La nature m’apprend à me réconcilier avec moi-même et les autres. Les animaux ont particulièrement participé à m’apaiser face à ce que je percevais comme des injustices. L’évidence de leur présence, leur ancrage spontané, m’a donné accès à une respiration plus sereine. Auprès d’eux, j’ai eu conscience de la différence notable entre la perfection ostentatoire à laquelle mes semblables prétendent trop souvent, et la justesse qui ne revendique rien, elle est. Humblement, j’observe cette nature et la reconnais comme seule norme tangible face aux mutations de nos sociétés. Il n’est pas ici question de chercher l’opposition ou de créer une hiérarchie entre l’Homme et la Nature, mais bien de faire entendre au premier qu’il s’inscrit dans la seconde, et que jamais il n’a conquis quoi que ce soit de pérenne quand il la profane. Je vis cela comme je respire, j’apprends pas à pas à transcender le tumulte en contemplation.

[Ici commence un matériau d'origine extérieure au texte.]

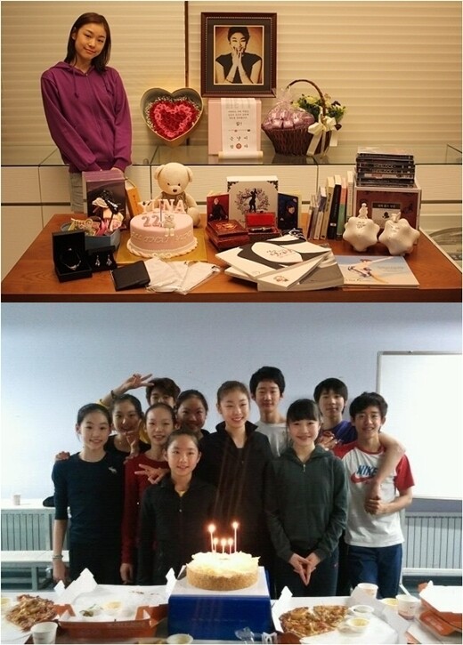 공개된 사진에는 팬들이 보내준 선물들이 진열되어 있는 테이블 뒤에서 행복한 미소를 띄고 있는 김연아의 모습이 담겨 있다.
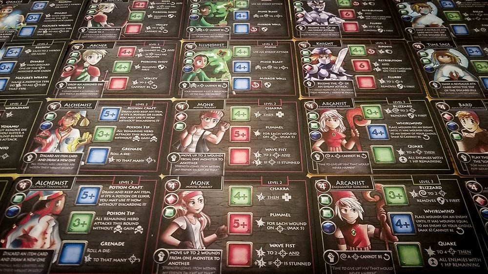 • Town Phase – During this phase you’ll have a chance to rest (heal), refresh your Hero Tokens, buy items, and level up. To buy items, you simply spend your Spoils (monsters you defeated) and put the purchased cards next to your heroes. You have some interesting decisions to make when leveling up; you can change classes (two new options) and gain a new ability from your old class, or you can keep your old class and gain an ability from a new class.
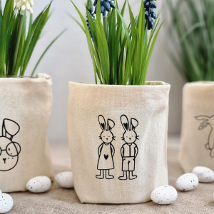Für unsere Osterdekoration haben wir Gläser mit kleinen Stoffbeuteln überzogen, die wir vorher mit unseren Ostermotiven beplottet haben. Wie es geht, zeigen wir dir in dieser Anleitung Schritt für Schritt.
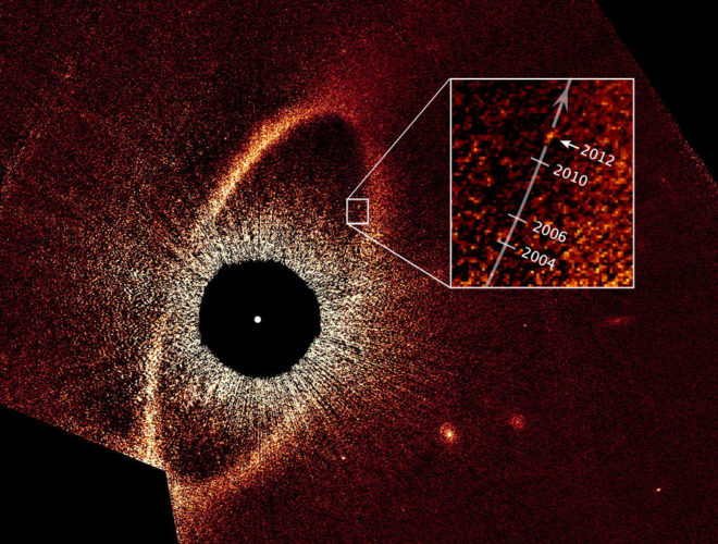 This false-color composite image traces the motion of the planet Fomalhaut b, a world captured by direct imaging. (NASA, ESA, and P. Kalas, University of California, Berkeley and SETI Institute)
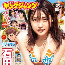 グラビア歴わずか5か月で待望の初ソロ表紙に抜てきされた石田は、誌面でふっくらとした美しいバストが際立つショットを披露。オレンジの水着姿や、くびれが印象的なプロポーションで魅了した。Guilty Kissが巻末グラビア登場
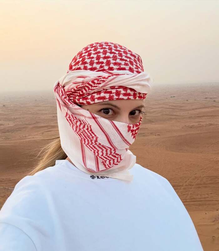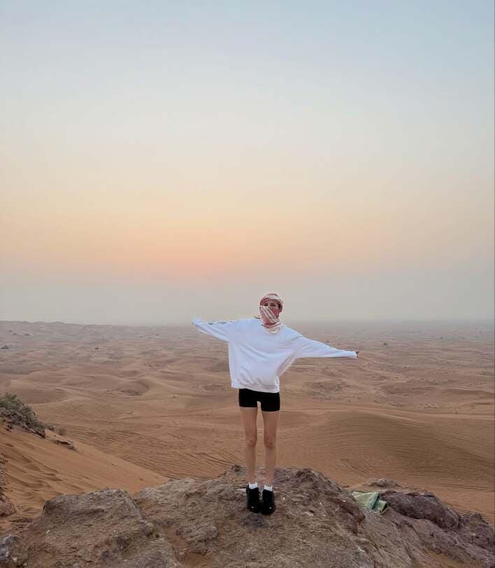 マギーさんは、「せっかくのドバイ!初めて砂漠のほうへ!」とつづり、ドバイの砂漠を背にしたショットを披露。

Longtemps il fut essentiellement question de photographie dans mon rapport au monde, aujourd’hui la palette s’étend à l’écriture, la vidéo, la mise en scène, l’enseignement, l’interprétation et étreindre l’horizon. Cette multiplicité est avant tout vécue comme une nécessaire cohésion à embras(s)er les différentes colorations de la vie.

Vivre, « créer », quelque forme que cela prend, c’est avant tout l’engagement de l’être entier dans l’évènement, une affaire de distance, de discernement afin de s’inscrire dans le flux du monde par les chemins de l’apaisement. Faire autant confiance aux sens qu’à l’intelligence, renouer avec les instincts éclairés, accepter le paradoxe pour cesser de souscrire à la contradiction, et enfin cohabiter avec nos forces obscures comme promesse de lumière.

Cette perspective est une acuité fragile, une vision de l’immédiat et du lointain, l’inconnu à explorer forge son intensité. Une conquête verticale dont l’issue sera la chute. Mais je ne tombe pas, le vertige des gouffres est celui des révélations.